Take the lines from the head of the listing through the one bearing "素人也能好看系列~174cm / 65kg" and copy them exactly, leaving every picture out.
+ + +
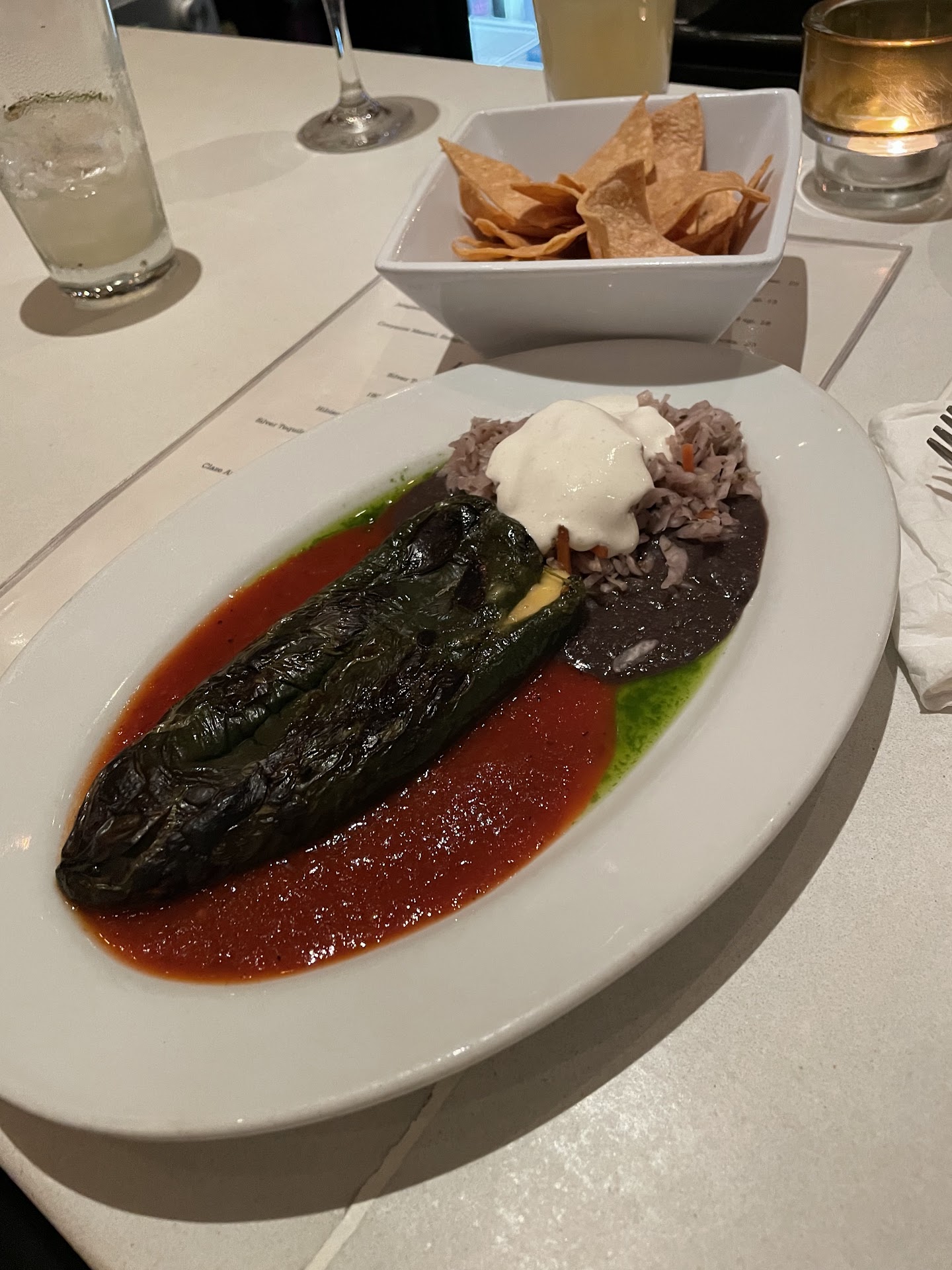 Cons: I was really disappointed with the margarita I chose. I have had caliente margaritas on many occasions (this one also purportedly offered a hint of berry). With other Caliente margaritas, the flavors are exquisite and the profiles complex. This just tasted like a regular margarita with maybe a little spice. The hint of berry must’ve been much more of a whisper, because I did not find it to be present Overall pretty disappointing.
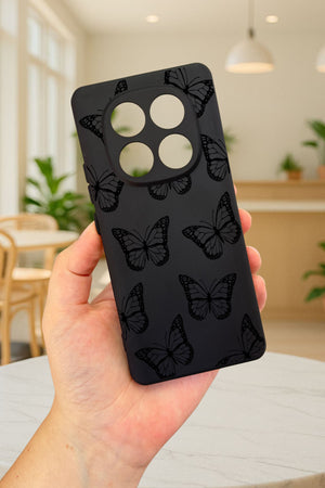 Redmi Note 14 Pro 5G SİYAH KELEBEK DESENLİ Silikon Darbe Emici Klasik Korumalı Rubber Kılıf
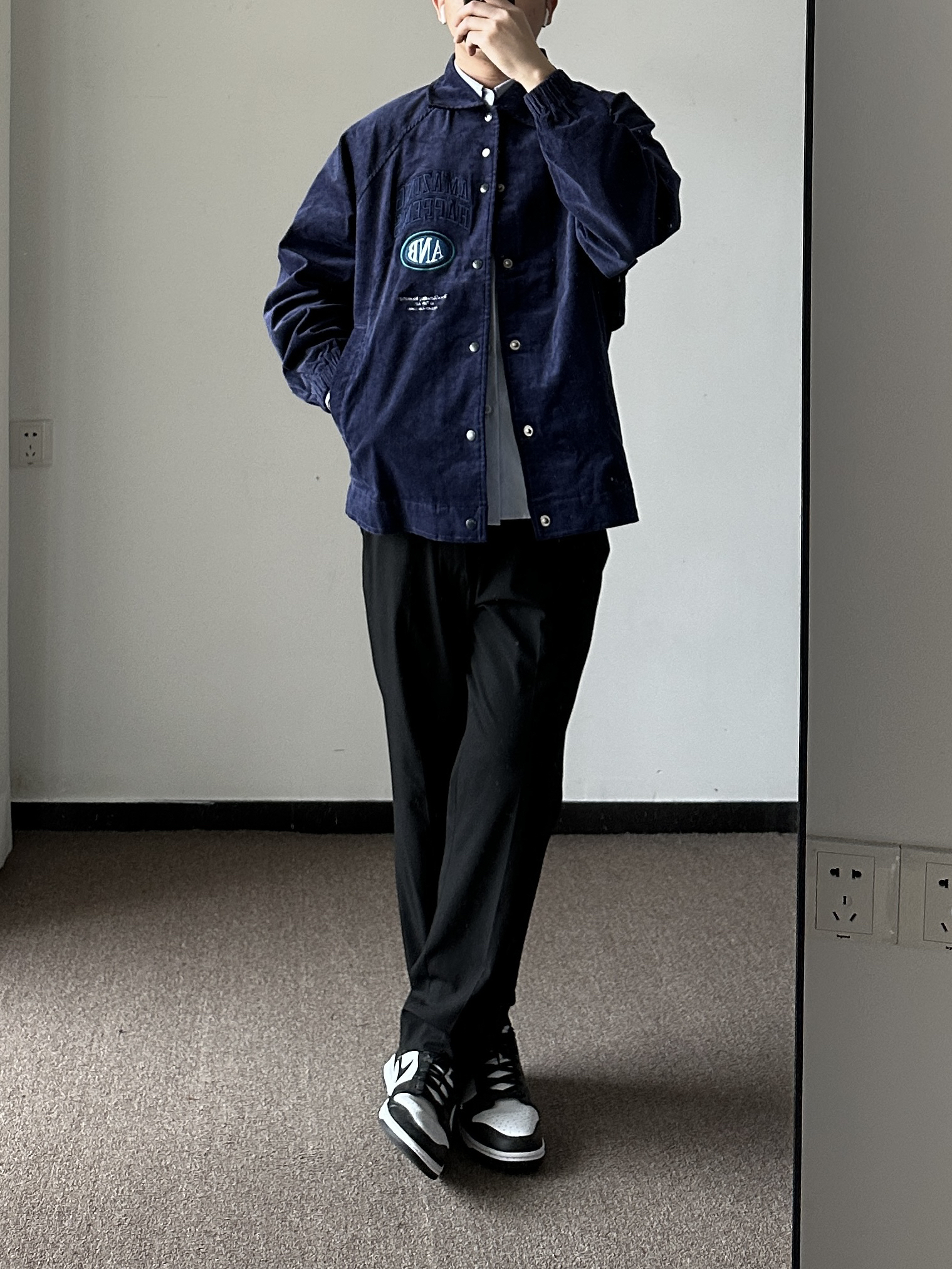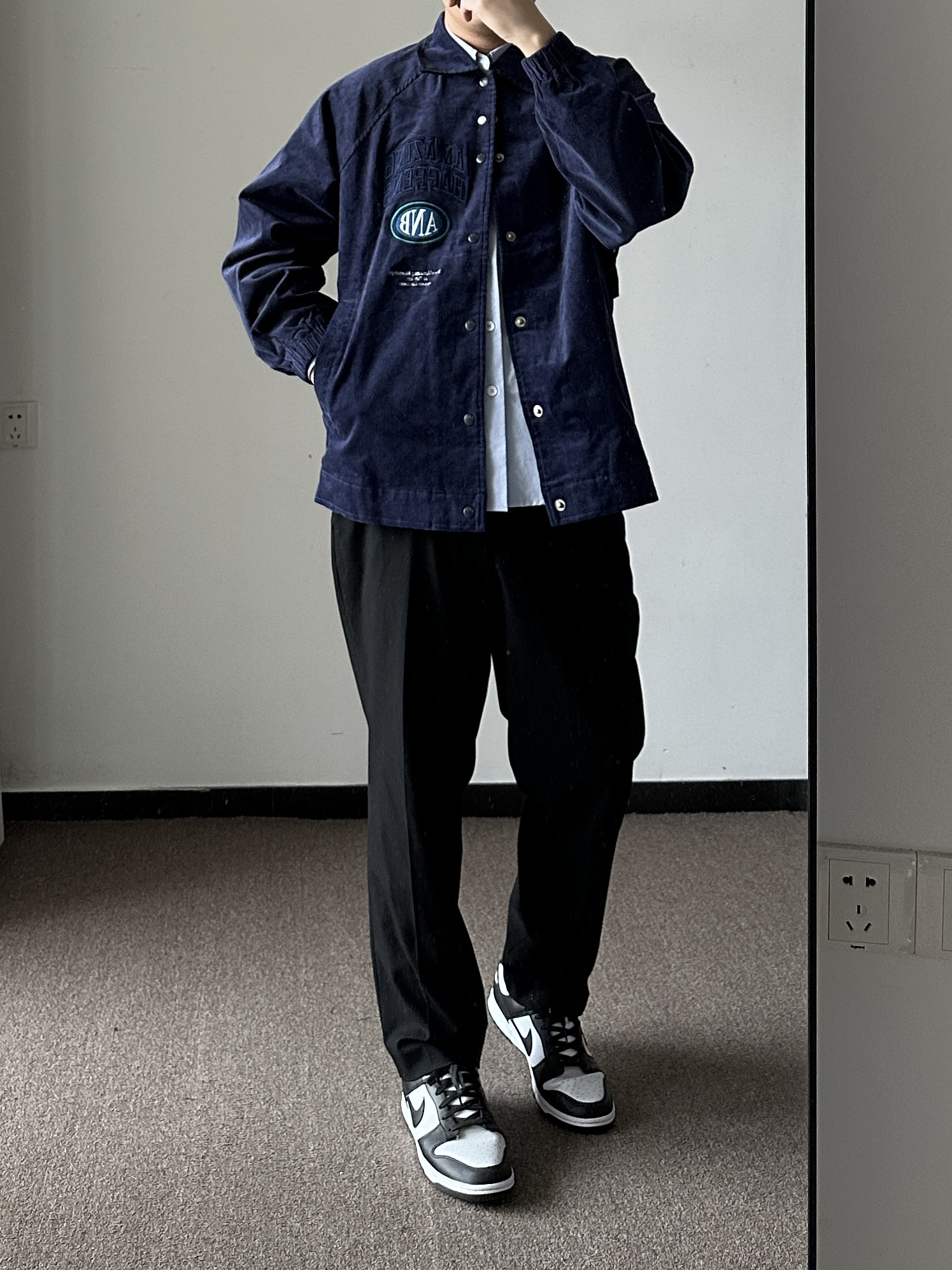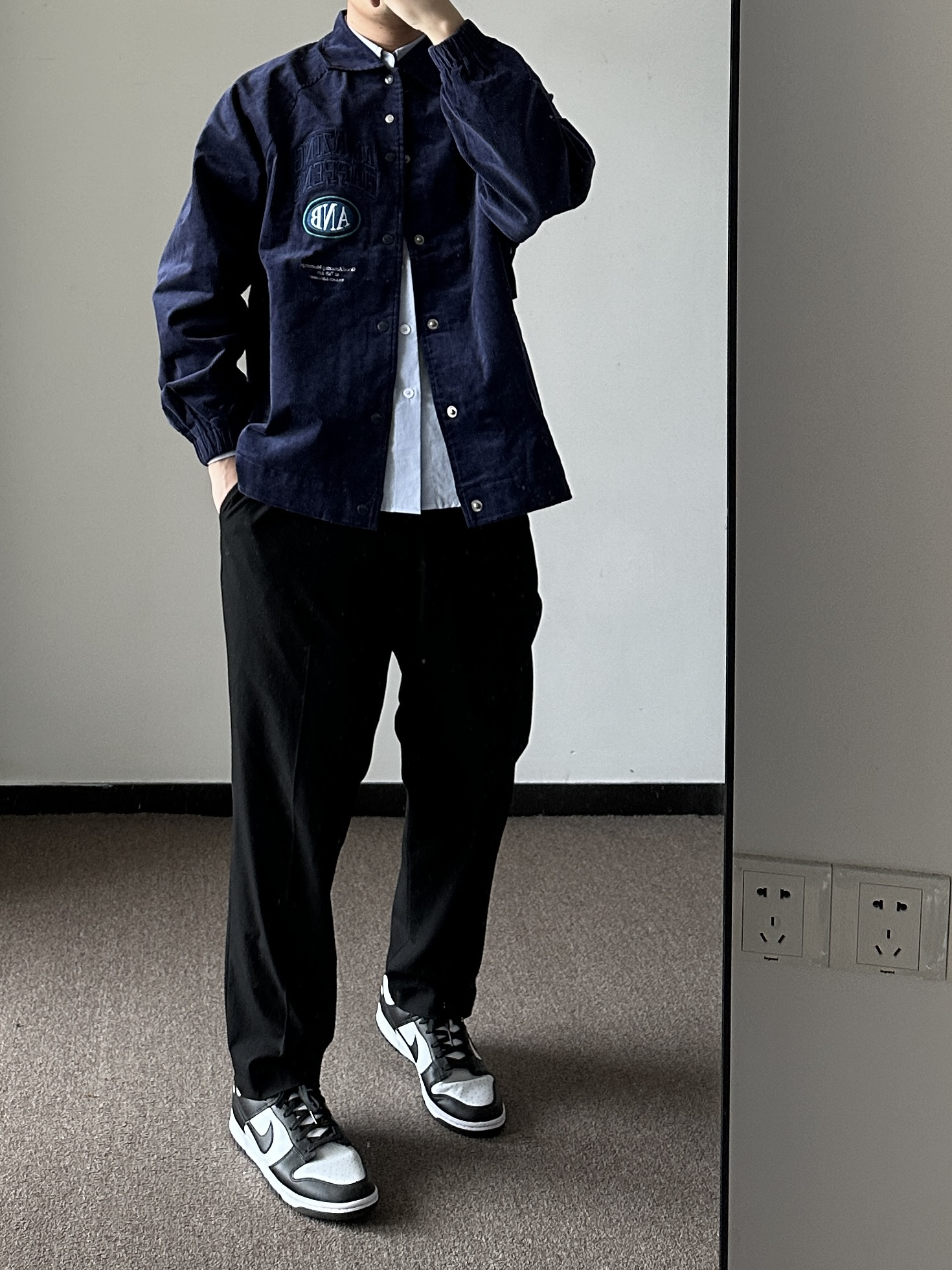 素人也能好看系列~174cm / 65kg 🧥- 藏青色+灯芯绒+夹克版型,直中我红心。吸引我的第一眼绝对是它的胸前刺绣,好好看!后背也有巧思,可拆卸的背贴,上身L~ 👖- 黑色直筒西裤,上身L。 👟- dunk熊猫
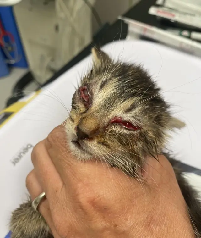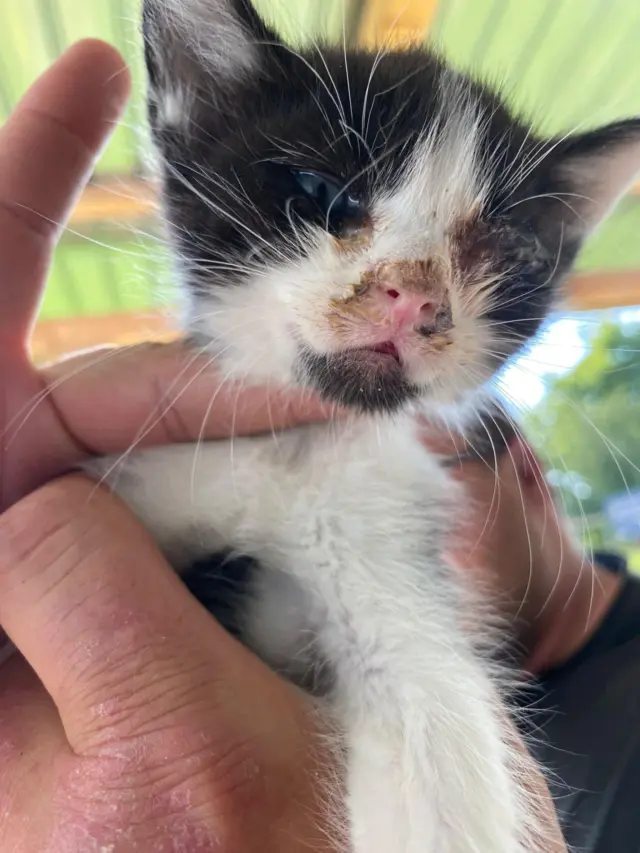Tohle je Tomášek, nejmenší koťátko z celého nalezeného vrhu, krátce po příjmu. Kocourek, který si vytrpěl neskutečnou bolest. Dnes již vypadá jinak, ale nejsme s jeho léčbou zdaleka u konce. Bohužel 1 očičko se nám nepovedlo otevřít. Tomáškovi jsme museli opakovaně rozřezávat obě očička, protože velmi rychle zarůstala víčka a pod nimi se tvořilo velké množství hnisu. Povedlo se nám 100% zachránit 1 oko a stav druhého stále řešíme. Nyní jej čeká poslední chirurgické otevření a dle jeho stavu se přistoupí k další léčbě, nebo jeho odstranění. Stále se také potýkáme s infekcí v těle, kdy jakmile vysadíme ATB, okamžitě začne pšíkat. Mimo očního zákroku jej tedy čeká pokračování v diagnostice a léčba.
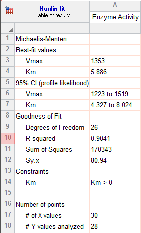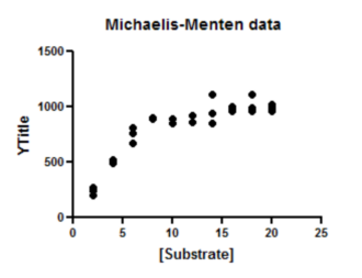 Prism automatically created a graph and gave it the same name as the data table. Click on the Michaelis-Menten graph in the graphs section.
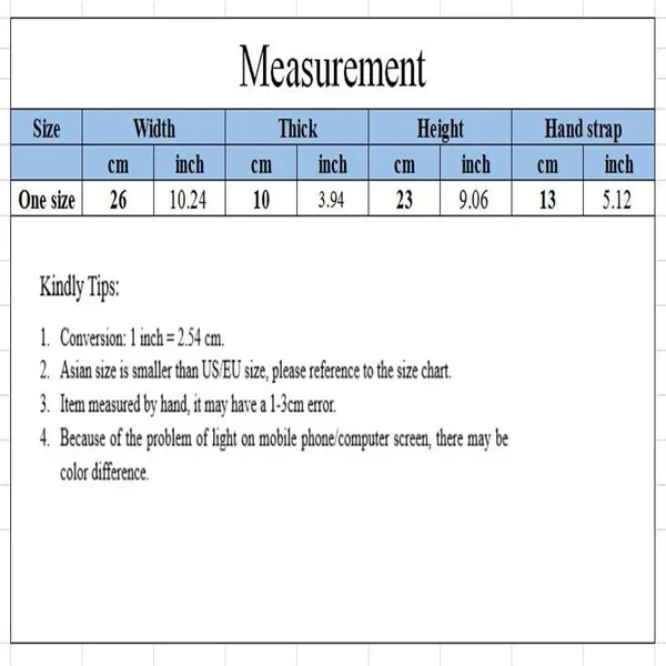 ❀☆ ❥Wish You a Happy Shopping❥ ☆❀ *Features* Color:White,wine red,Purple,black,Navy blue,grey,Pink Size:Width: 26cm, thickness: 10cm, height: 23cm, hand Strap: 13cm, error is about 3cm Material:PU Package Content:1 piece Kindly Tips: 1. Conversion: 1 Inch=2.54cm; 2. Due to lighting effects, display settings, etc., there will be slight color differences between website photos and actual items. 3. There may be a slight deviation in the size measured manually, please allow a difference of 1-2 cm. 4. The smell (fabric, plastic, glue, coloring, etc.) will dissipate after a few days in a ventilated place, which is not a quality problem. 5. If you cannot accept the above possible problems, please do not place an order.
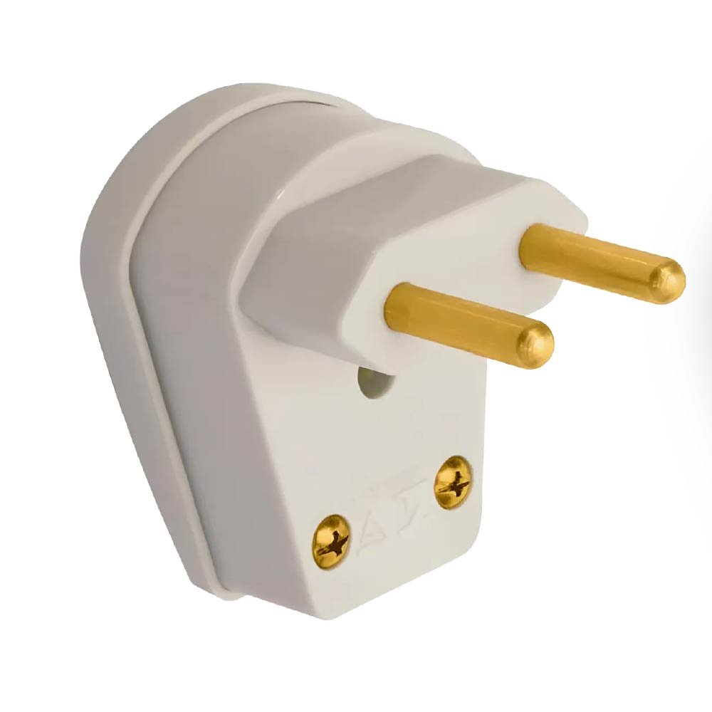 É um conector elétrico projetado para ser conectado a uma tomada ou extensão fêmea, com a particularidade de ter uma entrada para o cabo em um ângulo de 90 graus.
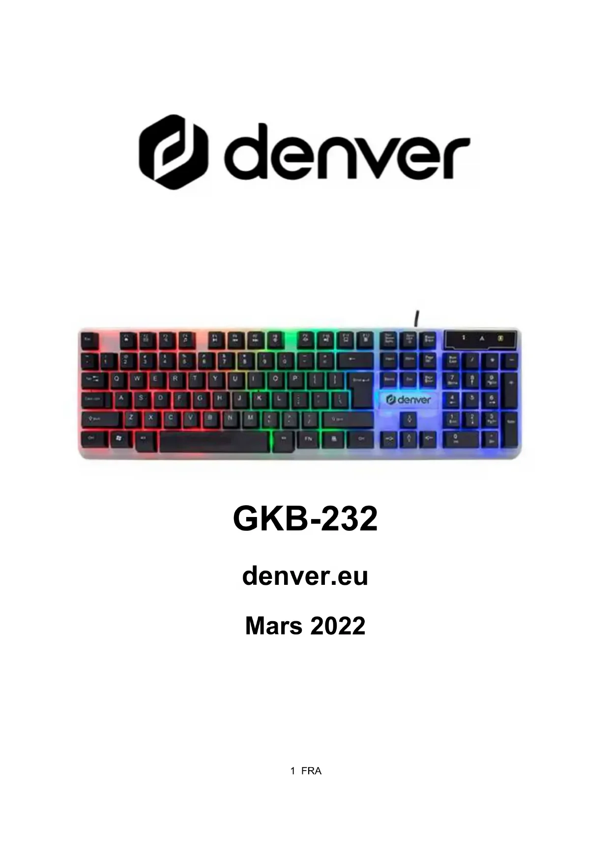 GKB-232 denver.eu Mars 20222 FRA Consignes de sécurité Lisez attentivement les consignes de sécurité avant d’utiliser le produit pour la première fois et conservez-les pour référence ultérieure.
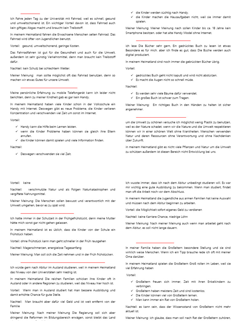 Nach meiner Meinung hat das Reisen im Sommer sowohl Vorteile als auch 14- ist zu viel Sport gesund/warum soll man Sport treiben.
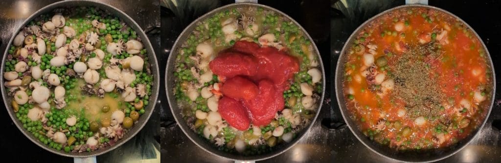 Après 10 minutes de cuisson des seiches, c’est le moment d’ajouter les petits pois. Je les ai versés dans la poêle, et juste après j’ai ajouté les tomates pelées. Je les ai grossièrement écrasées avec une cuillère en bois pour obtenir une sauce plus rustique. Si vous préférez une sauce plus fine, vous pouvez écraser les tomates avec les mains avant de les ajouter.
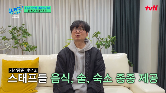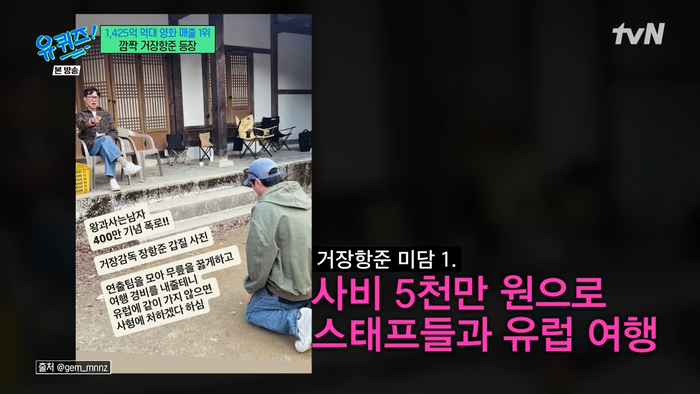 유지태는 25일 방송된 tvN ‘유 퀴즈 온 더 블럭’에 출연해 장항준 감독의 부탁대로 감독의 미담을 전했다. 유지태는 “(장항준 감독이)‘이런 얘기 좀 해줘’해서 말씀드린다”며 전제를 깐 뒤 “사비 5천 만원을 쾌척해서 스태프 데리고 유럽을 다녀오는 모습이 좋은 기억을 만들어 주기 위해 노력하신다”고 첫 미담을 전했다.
+ + +
:: Response area ::
 Cons: I was really disappointed with the margarita I chose. I have had caliente margaritas on many occasions (this one also purportedly offered a hint of berry). With other Caliente margaritas, the flavors are exquisite and the profiles complex. This just tasted like a regular margarita with maybe a little spice. The hint of berry must’ve been much more of a whisper, because I did not find it to be present Overall pretty disappointing.
 Redmi Note 14 Pro 5G SİYAH KELEBEK DESENLİ Silikon Darbe Emici Klasik Korumalı Rubber Kılıf
 素人也能好看系列~174cm / 65kg 🧥- 藏青色+灯芯绒+夹克版型,直中我红心。吸引我的第一眼绝对是它的胸前刺绣,好好看!后背也有巧思,可拆卸的背贴,上身L~ 👖- 黑色直筒西裤,上身L。 👟- dunk熊猫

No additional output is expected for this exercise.